- ASSIGNMENT
In the listing below, find the line with "The Juliette Silk" and the line with "그래도 개인적으로는, 요즘", then return them and every line between them exactly, minus the pictures.

═══

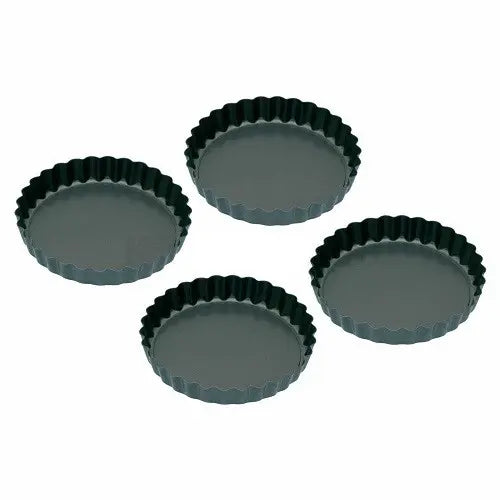 Set van 4 kleine ronde bakvormen, ideaal voor het maken van kleine miniatuur taarten en vlaaien. Elk vormpje heeft geribbelde zijkanten en een losse bodem. Dit zorgt ervoor dat het baksel gemakkelijk te verwijderen is uit de vorm. Ook bevatten deze vormen een anti-aanbaklaag.
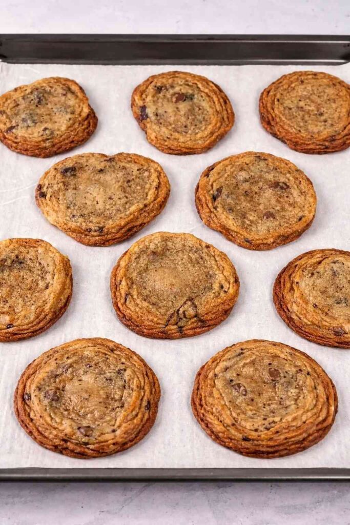 - Bake: Preheat your oven to 350°F (175°C). Scoop 1.5-tablespoon portions onto a parchment-lined sheet. Bake for 9–12 minutes until the edges are fairly dark.
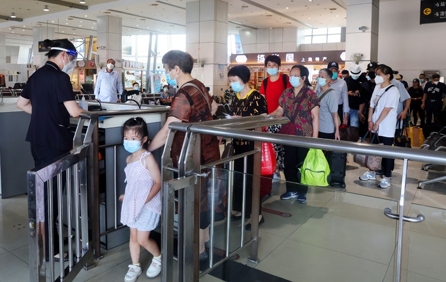 7月5日,在上海長途客運南站,旅客在檢票口檢票乘車。
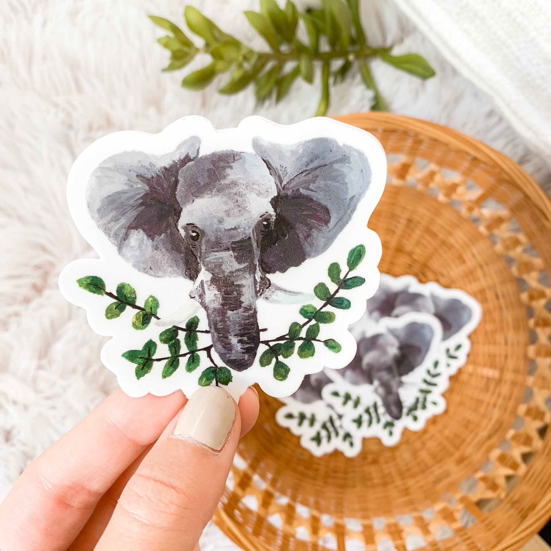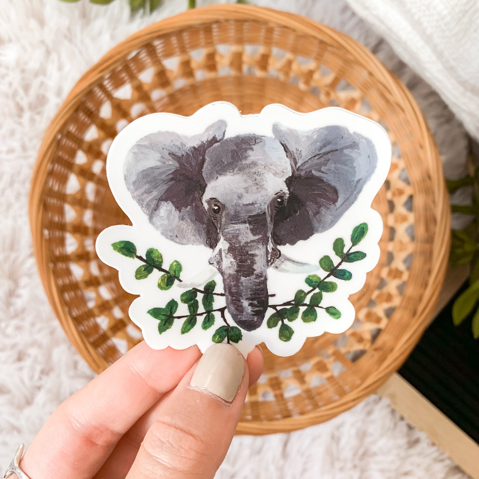 Spruce up a mirror, car window, water bottle, laptop, or more with these elephant stickers! The hand-painted elephant is so stark in color and high quality that you can see the detail of the brush strokes in the design. These stickers are waterproof, scratch-resistant, and weatherproof. They are dishwasher safe and removable/replaceable (for up to two times with minimum residue). They are the perfect car decal because they will survive the most aggressive car wash! They are perfect for your water bottle or your child's water bottle because they can go through your dishwasher every night without dissolving, peeling, or fading! This sticker measures about 3" high.
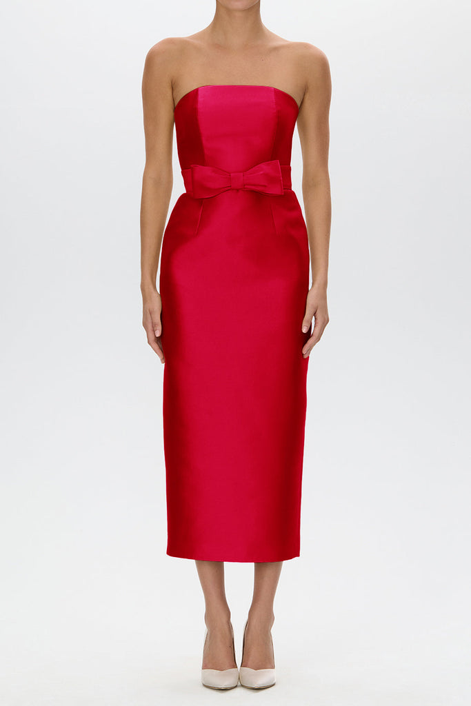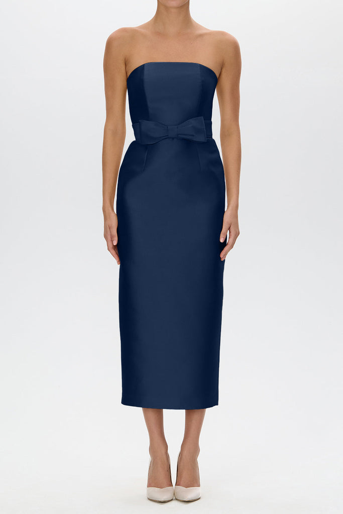 The Juliette Silk and Wool Midi Dress with Bow Belt from the Alexia María 2026 Collection is a refined expression of modern elegance. Crafted in a luxurious silk and wool blend, this strapless silhouette features a structured bodice that defines the waist before falling into a sleek midi-length pencil skirt. A removable bow belt introduces a delicate feminine accent, allowing the look to transition effortlessly from understated cocktail dressing to more elevated styling. Handcrafted in the California atelier, Juliette offers seasonless versatility with a polished, minimalist sensibility.
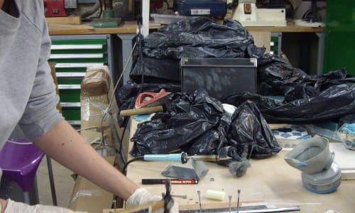 Learn each stage of the stained glass process: line cutting, painting with pigments, shading, highlighting, leading, firing and leading.
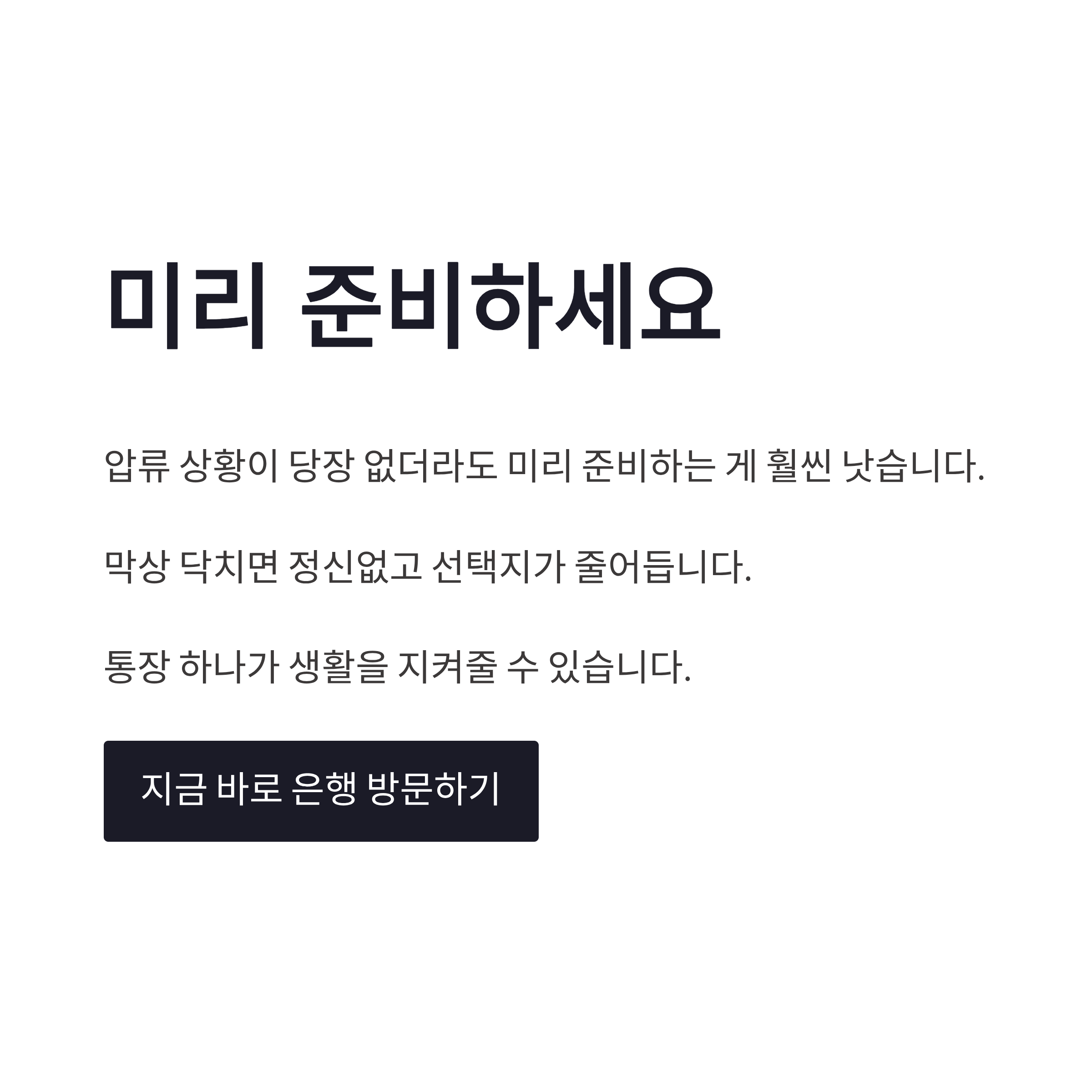 그래도 개인적으로는, 요즘 같은 시기에 생계비 통장 하나 없는 게 더 불안하더라구요. 저는 이 통장 만들어놓고 나서 괜히 마음이 좀 편해졌습니다. 괜히 “최악은 피할 수 있겠구나” 이런 느낌이랄까…
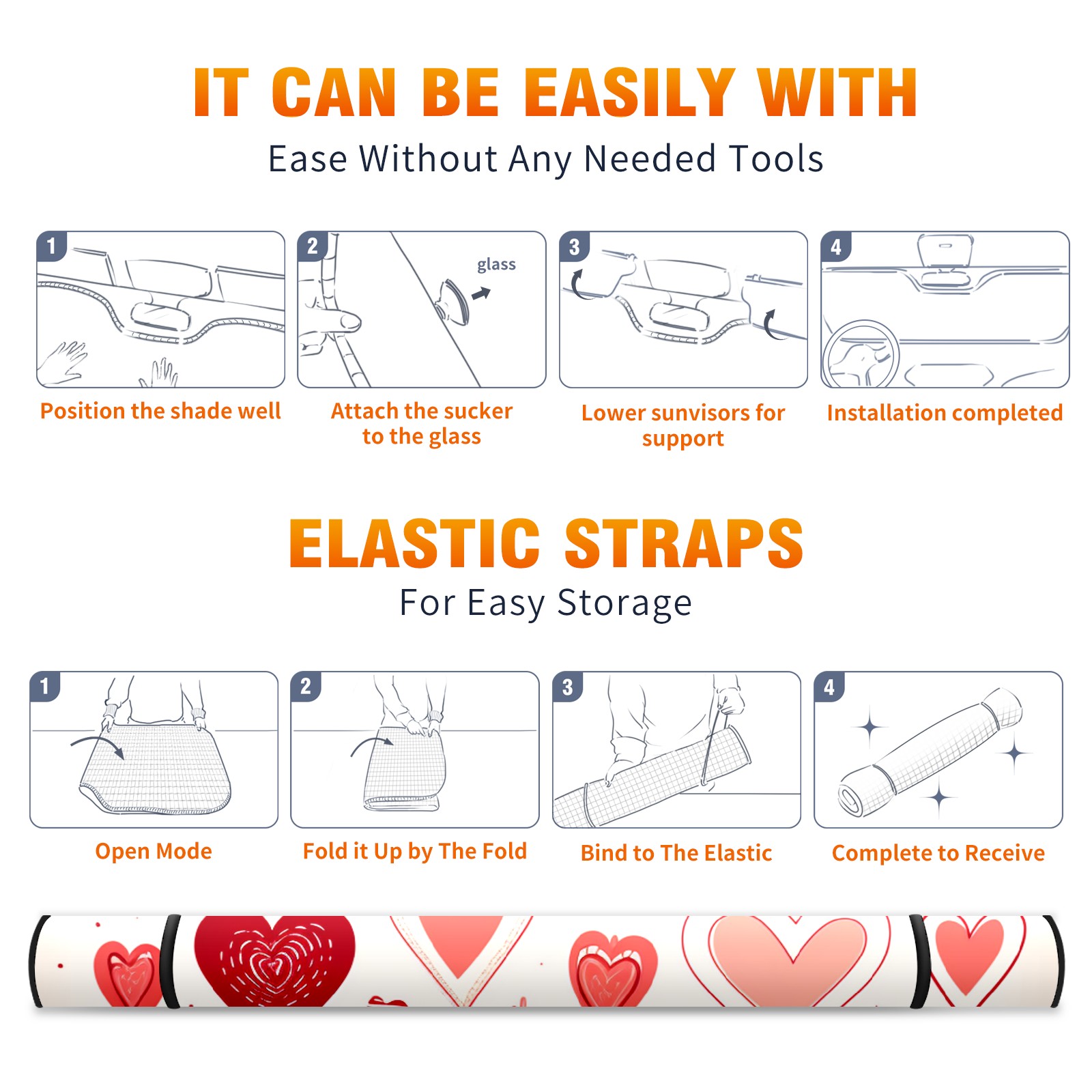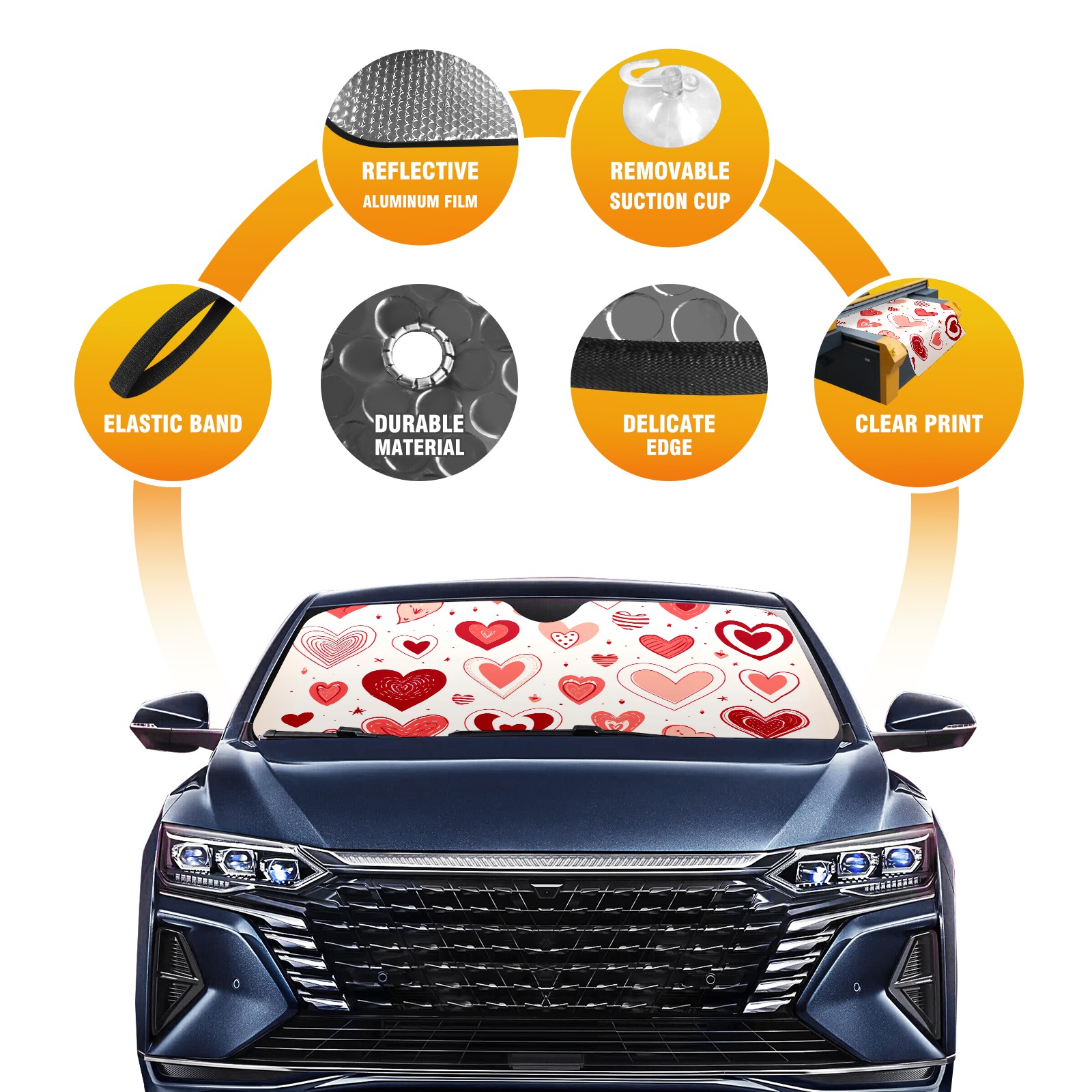 Car Windshield Sun Shade For Front Window Off-White Love 3 Foldable Vehicle Windshield Car Sun Visor Covers Automotive Window Protector Car Camping Privacy Sun Blocker
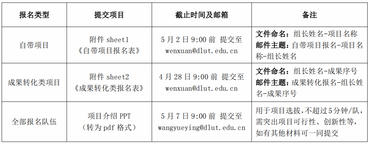 (2)组队申请学院提供的成果转化类项目,提交报名表后,学院回复邮件确认通过视为报名成功,可参与项目选拔,成果转化类项目简介详见学生微信群。
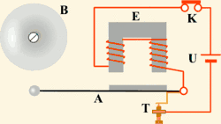 Простейшим примером релаксационных автоколебаний может служить работа электрического звонка, изображённого на рис. 3. Источником постоянного (непериодического) воздействия здесь является электрическая батарея U; роль нелинейного регулятора выполняет прерыватель T, замыкающий и размыкающий электрическую цепь, в результате чего в ней возникает прерывистый ток; колеблющимися элементами являются магнитное поле, периодически наводимое в сердечнике электромагнита E, и якорь A, движущийся под воздействием переменного магнитного поля. Колебания якоря приводят в действие прерыватель, что и образует обратную связь.
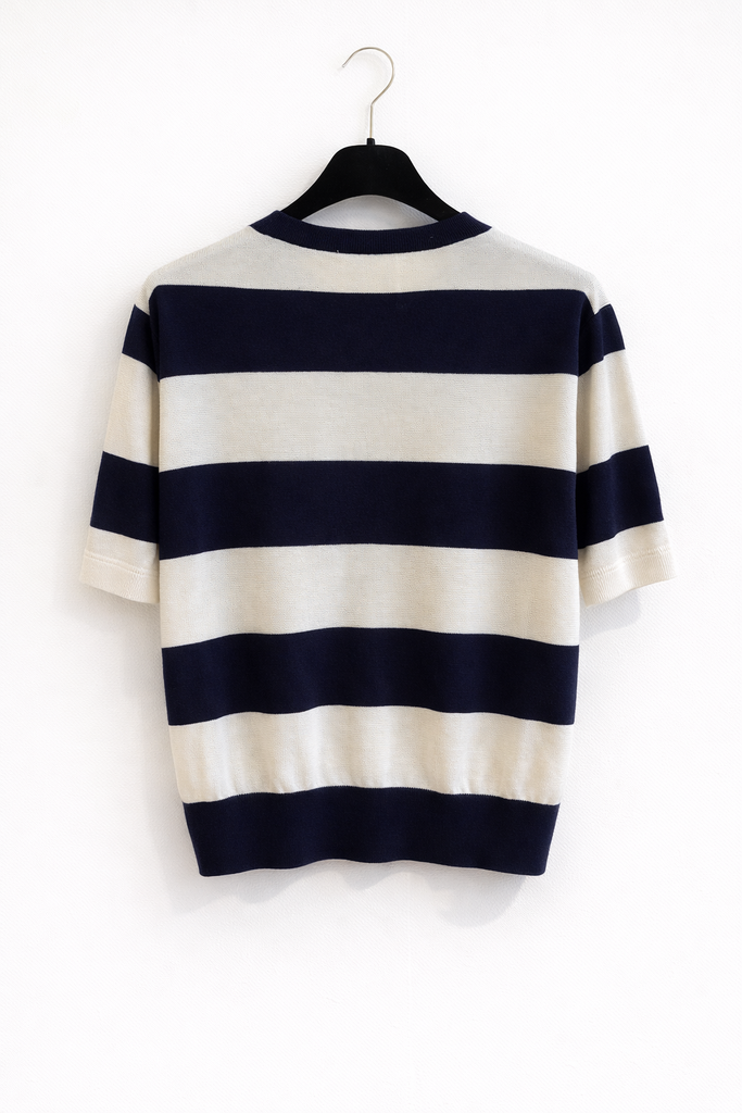 Pull souple en maille rayée.
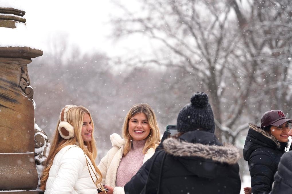 12月27日,在美國紐約中央公園,人們在雪中留影。新華社記者張鳳國攝
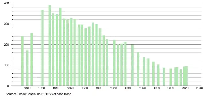 | Rang de la commune dans le département | 435 | 365 | 397 | 471 | 531 | 492 | 493 | 511 |
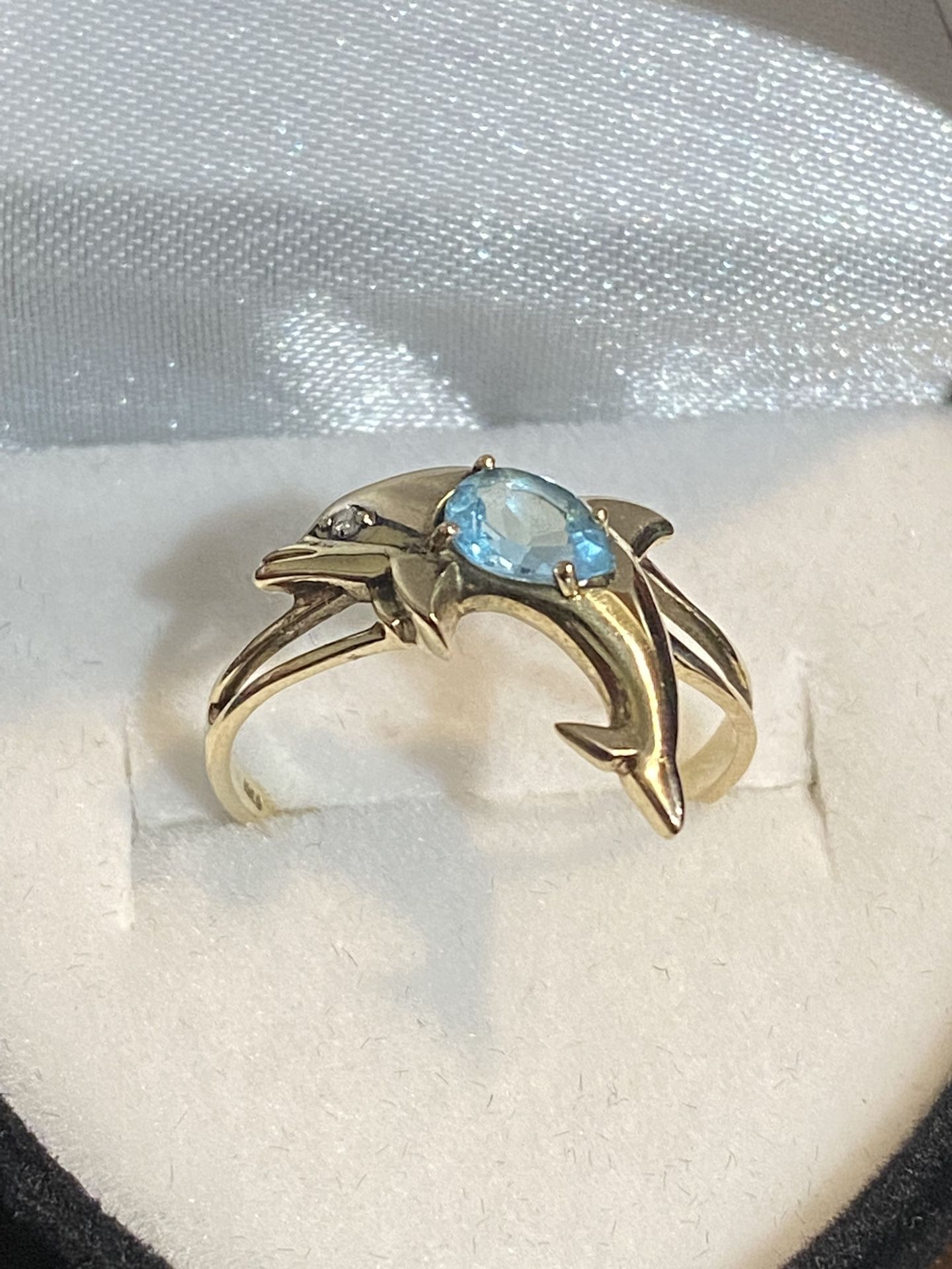 Ring Size: 6.75 Material: Yellow Gold Stone: Blue Topaz Weight: 1.8g
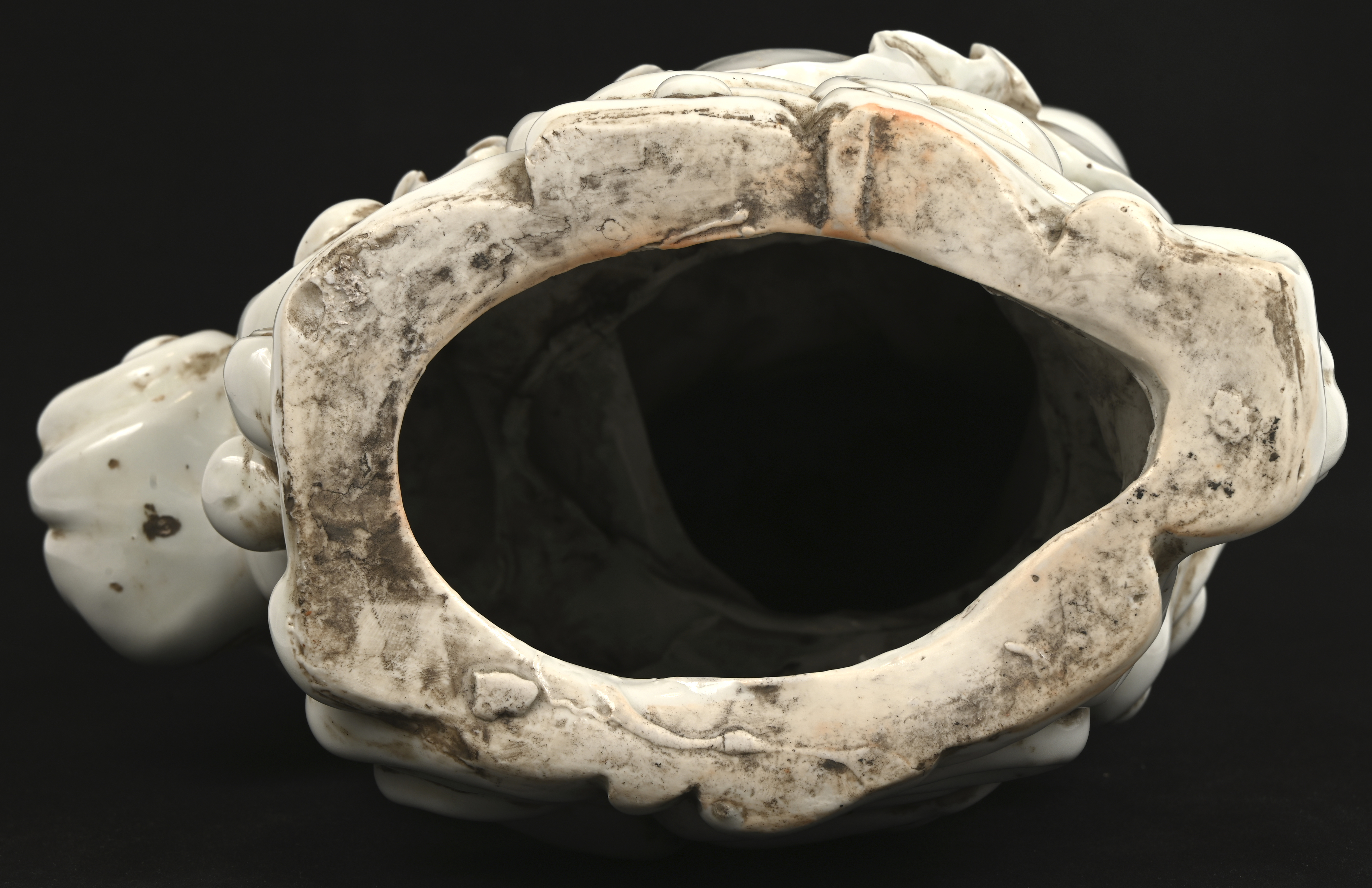 #27Een hoorn des overvloeds uit brons en porselein, met mythologische figuren gedecoreerd, gemerkt.

═══

- FINISHED TASK
 The Juliette Silk and Wool Midi Dress with Bow Belt from the Alexia María 2026 Collection is a refined expression of modern elegance. Crafted in a luxurious silk and wool blend, this strapless silhouette features a structured bodice that defines the waist before falling into a sleek midi-length pencil skirt. A removable bow belt introduces a delicate feminine accent, allowing the look to transition effortlessly from understated cocktail dressing to more elevated styling. Handcrafted in the California atelier, Juliette offers seasonless versatility with a polished, minimalist sensibility.
 Learn each stage of the stained glass process: line cutting, painting with pigments, shading, highlighting, leading, firing and leading.
 그래도 개인적으로는, 요즘 같은 시기에 생계비 통장 하나 없는 게 더 불안하더라구요. 저는 이 통장 만들어놓고 나서 괜히 마음이 좀 편해졌습니다. 괜히 “최악은 피할 수 있겠구나” 이런 느낌이랄까…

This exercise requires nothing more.